What is "the Blues" music?A Brief discussion of the definition
of blues music
Blues is an African-American music that traverses a wide range of emotions and musical styles. “Feeling blue” is expressed in songs whose verses lament injustice or express longing for a better life and lost loves, jobs, and money. But blues is also a raucous dance music that celebrates pleasure and success. Central to the idea of blues performance is the concept that, by performing or listening to the blues, one is able to overcome sadness and lose the blues.

Among the formal, identifying musical traits of the blues are the familiar “blue notes,” a three-line AAB verse form, and a characteristic use of the familiar blues chord progression. Historically, the popularity of blues coincides with the rise of the commercial recording industry, the introduction of “race” records aimed at black record-buyers after 1920, and the emigration of black Americans from the rural South to the urban North. Many of the earliest black American recording stars were blues singers. The first blues songs to be recorded, often called “classic blues,” were jazz-influenced songs in a vaudeville style, sung by the great blueswomen: Gertrude “Ma” Rainey, Bessie Smith, and others. These singers were often accompanied by pianists, guitarists, or even small jazz combos.

The “country blues,” usually considered an earlier form of the genre, was actually recorded in the mid-1920s. There are several regional styles of country blues, including delta blues from the Mississippi Delta, Texas blues, and Piedmont blues from the Southeast. Country blues was usually recorded by a single male singer, self-accompanied on the guitar or piano, with perhaps an accompanying harmonica or simple percussion. Charley Patton, Blind Lemon Jefferson, Blind Boy Fuller, and Robert Johnson were country blues musicians.
Beginning in the 1930s, blues musicians fell under the influence of urban culture, including popular music and jazz. Combos incorporating piano, guitar, and percussion developed, although the country, “downhome” origins of the musicians were still evident in the music. Major musicians of the 1930s included Tampa Red, Big Bill Broonzy, Little Brother Mongomery, Leon Carr and Scrapper Blackwell, Lonnie Johnson, and Memphis Minnie.

After World War II, the use of electrified instruments became inevitable. During the 1940s, some blues bands even incorporated saxophones, although the preference was for amplified harmonicas, especially in Chicago, a predominant center of blues recording in the 1950s.

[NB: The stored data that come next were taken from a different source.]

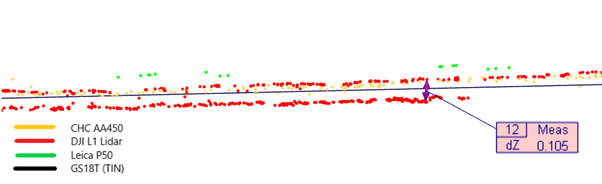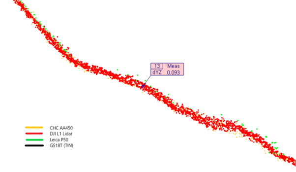 The ‘layering’ of overlapping data commonly seen in the DJI L1 data was not apparent in the AlphaAir450. This is thanks to the combination of a higher quality IMU and better adjustment in the post-processing software.
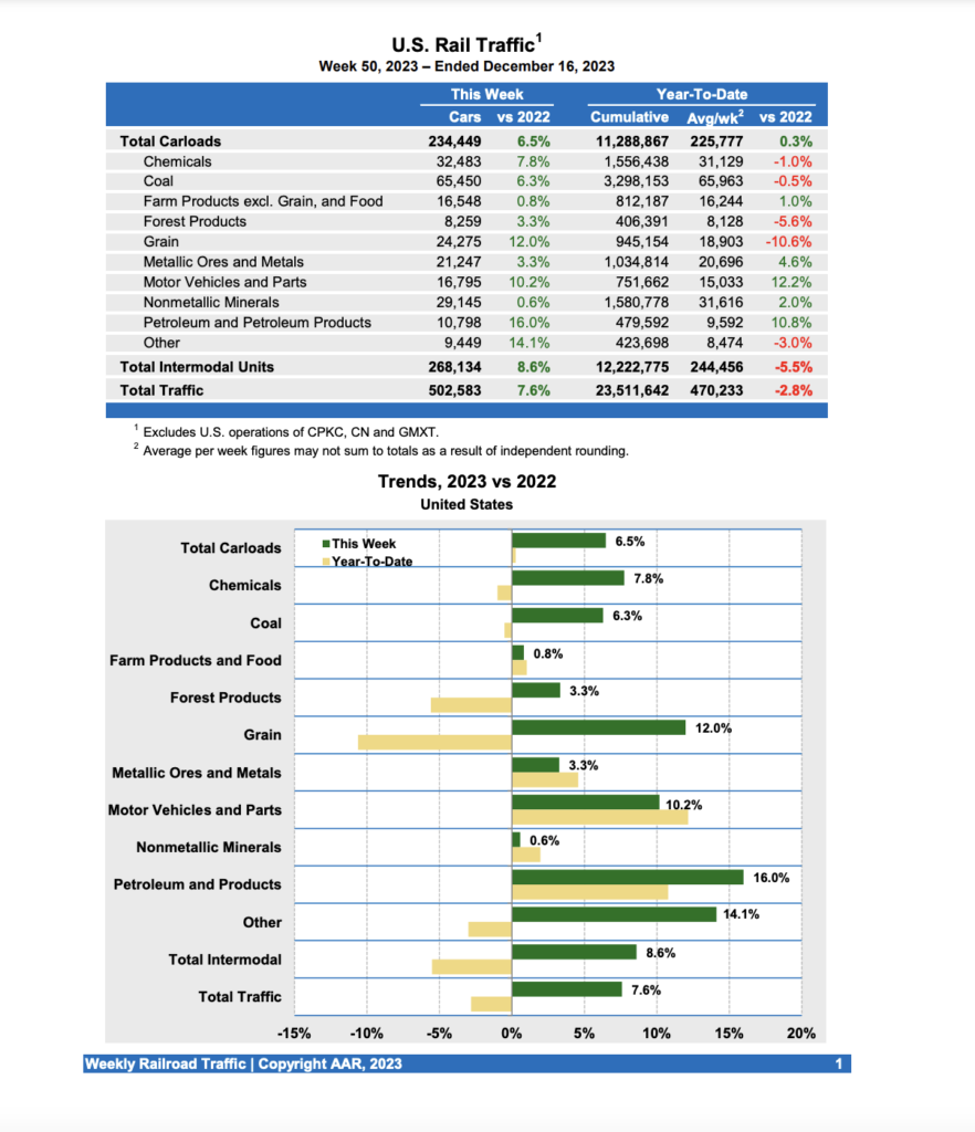 Total rail traffic for the week ending Dec. 16, 2023, comprised 234,449 carloads, up 6.5% from 2022, and 268,134 containers and trailers, up 8.6% from the same week last year, according to AAR.
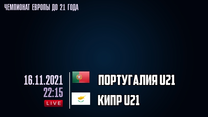 16 ноября 2021 года, мы предлагаем посмотреть онлайн трансляцию футбольного матча между сборной Португалии и сборной Кипра, проходящего в рамках Чемпионата Европы до 21 года.
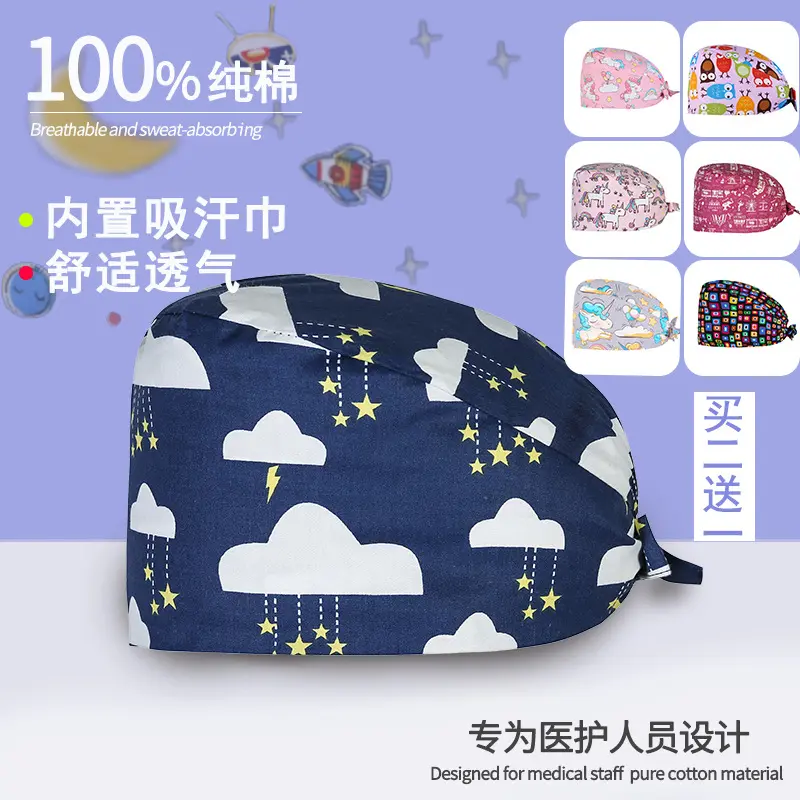📚 手术帽女护士纯棉手术室帽子口腔医生印花帽可爱百搭松紧带麻醉帽
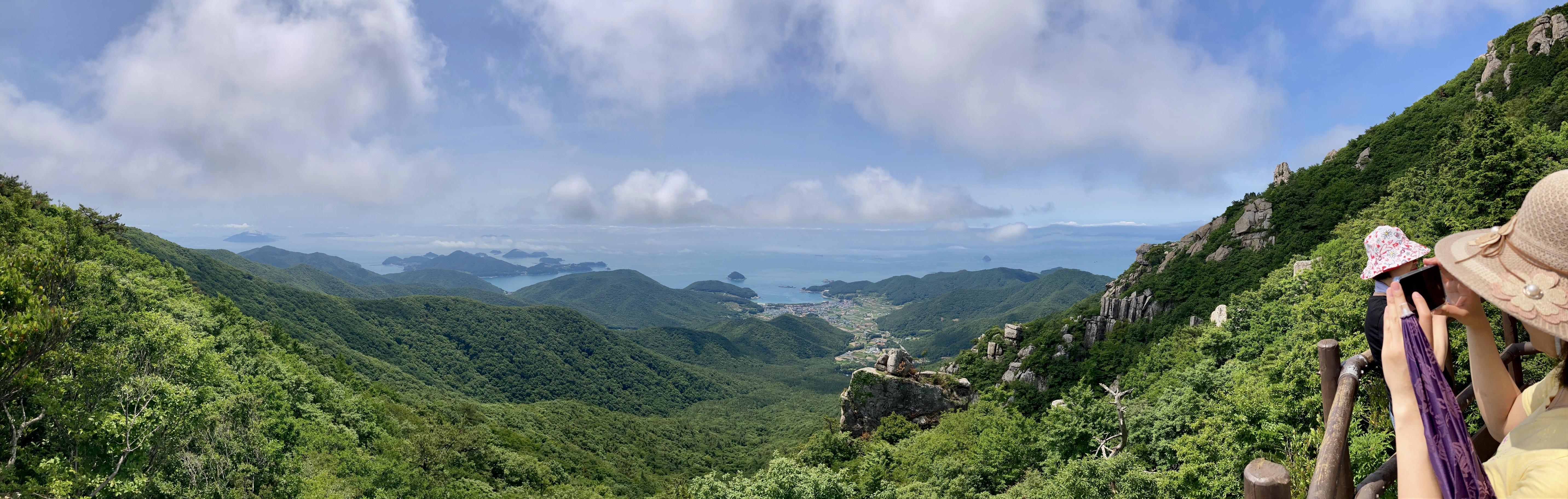 남해까지 와서 뭔 산 하면서 하마터면 안 갈 뻔 했는데, 마지막날 아침에 안 왔으면 후회할 뻔 했다. 포토존이 한두 군데가 아니었고, 당연히 파노라마 사진이 빠질 수 없다.
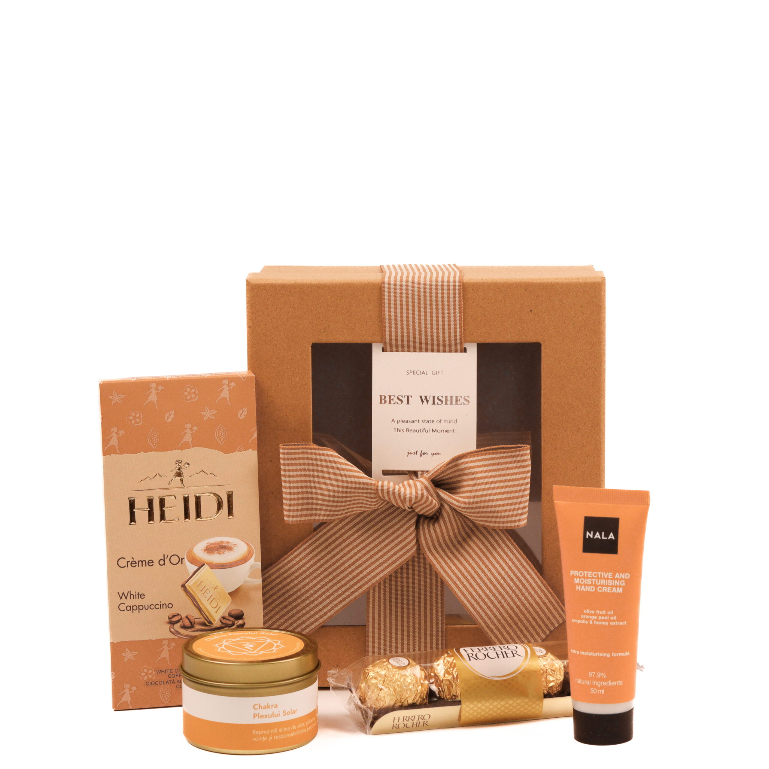 Cadou delicat Extravaganza cu ciocolată premium, cremă de mâini și bomboane fine, lumanare parfumata în cutie elegantă cu fereastră
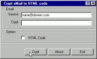 Программа предназначена для кодирования email адреса в строке mailto HTML кода страницы - предотвращает сканирование ваших адресов спамерами. Автор - Мироводин Д.А. (mirovodin@mail.ru).
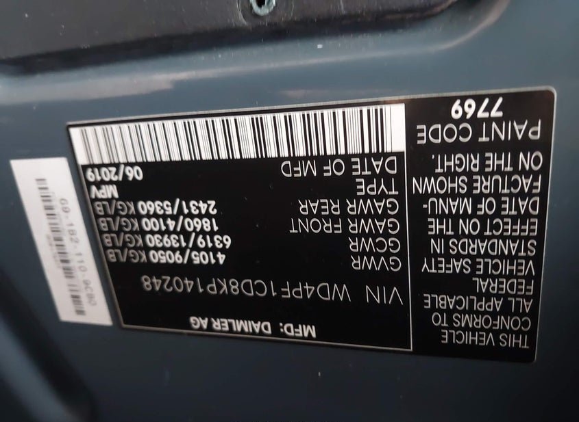 - VIN: WD4PF1CD8KP140248

Blues from this period is often called “urban blues,” “electric blues,” or simply “Chicago blues.” Important urban blues musicians included Muddy Waters, Little Walter, Elmore James, Howlin’ Wolf, T-Bone Walker, and B. B. King.

Blues remains with us in contemporary American culture, and as a traditional musical form it has been subjected to countless revivals and reinterpretations. Its current practitioners often integrate the sounds and instrumental pyrotechnics of rock music and the sheen of urban soul; but the twelve-bar form, variations on the blues chord progression, and emotive lyrical content remain relatively unchanged.